▸ **What is being asked**
What's needed is the listing below, repeated word for word with no pictures.

▸ **Collected material**
###

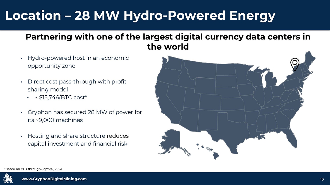 www.GryphonDigitalMining.com Target Capitalization 9 Company Overview – Snapshot 1.3 Exahash of Carbon - Neutral Bitcoin Mining Power Carbon - Neutral Miner pursuing a negative carbon strategy Attributable 0.34 Exahash of hashing power from Royalty Partner pending 0.91 Exahash from self mining
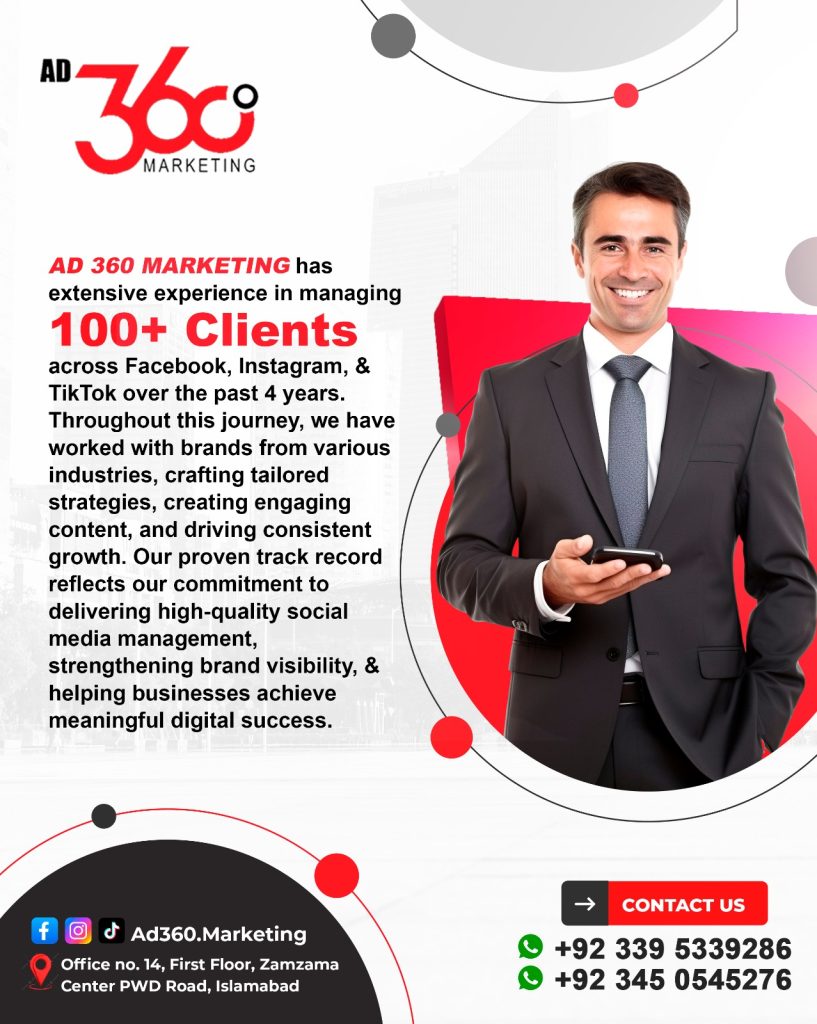 Ad 360 Marketing has extensive experience in managing 100+ clients across Facebook, Instagram, and TikTok over the past 4 years. Throughout this journey, we have worked with brands from various industries, crafting tailored strategies, creating engaging content, and driving consistent growth. Our proven track record reflects our commitment to delivering high-quality social media management, strengthening brand visibility, and helping businesses achieve meaningful digital success.
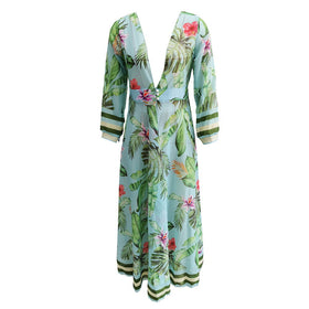 Azurblaues Design mit floralen Mustern, tiefem V-Ausschnitt und weiten Ärmeln. Integrierter Gürtel für eine taillierte Passform.
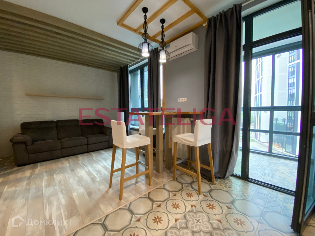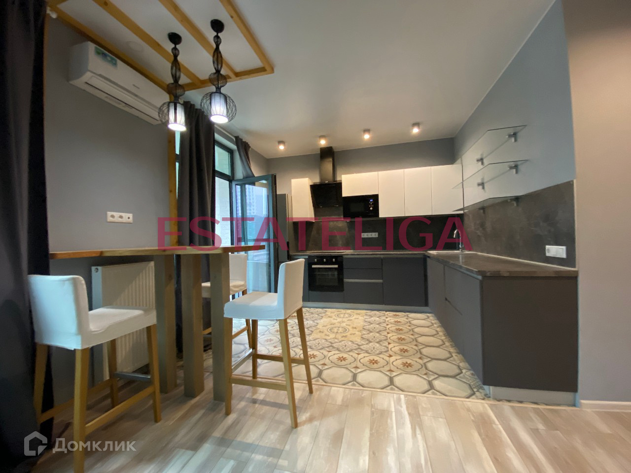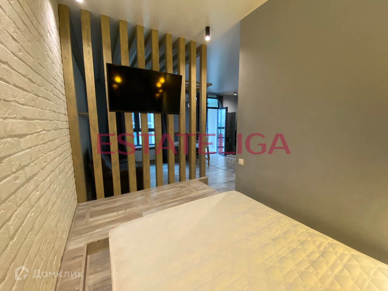 Функциональная планировка апартамента студийного типа, разработанная по индивидуальному дизайн-проекту: просторная кухня с обеденной зоной и кухонным гарнитуром и бытовой техникой (холодильник, духовой шкаф, микроволновка, посудомоечная машина), зона гостиной с диваном, огороженная спальная зона с телевизором и ящиками для хранения, полностью укомплектованный совмещенный санузел, отдельная гардеробная комната, просторный балкон с панорамным остеклением. Установлен кондиционер, теплые полы.

###

▸ **Response for this exercise**
 www.GryphonDigitalMining.com Target Capitalization 9 Company Overview – Snapshot 1.3 Exahash of Carbon - Neutral Bitcoin Mining Power Carbon - Neutral Miner pursuing a negative carbon strategy Attributable 0.34 Exahash of hashing power from Royalty Partner pending 0.91 Exahash from self mining
 Ad 360 Marketing has extensive experience in managing 100+ clients across Facebook, Instagram, and TikTok over the past 4 years. Throughout this journey, we have worked with brands from various industries, crafting tailored strategies, creating engaging content, and driving consistent growth. Our proven track record reflects our commitment to delivering high-quality social media management, strengthening brand visibility, and helping businesses achieve meaningful digital success.
 Azurblaues Design mit floralen Mustern, tiefem V-Ausschnitt und weiten Ärmeln. Integrierter Gürtel für eine taillierte Passform.
 Функциональная планировка апартамента студийного типа, разработанная по индивидуальному дизайн-проекту: просторная кухня с обеденной зоной и кухонным гарнитуром и бытовой техникой (холодильник, духовой шкаф, микроволновка, посудомоечная машина), зона гостиной с диваном, огороженная спальная зона с телевизором и ящиками для хранения, полностью укомплектованный совмещенный санузел, отдельная гардеробная комната, просторный балкон с панорамным остеклением. Установлен кондиционер, теплые полы.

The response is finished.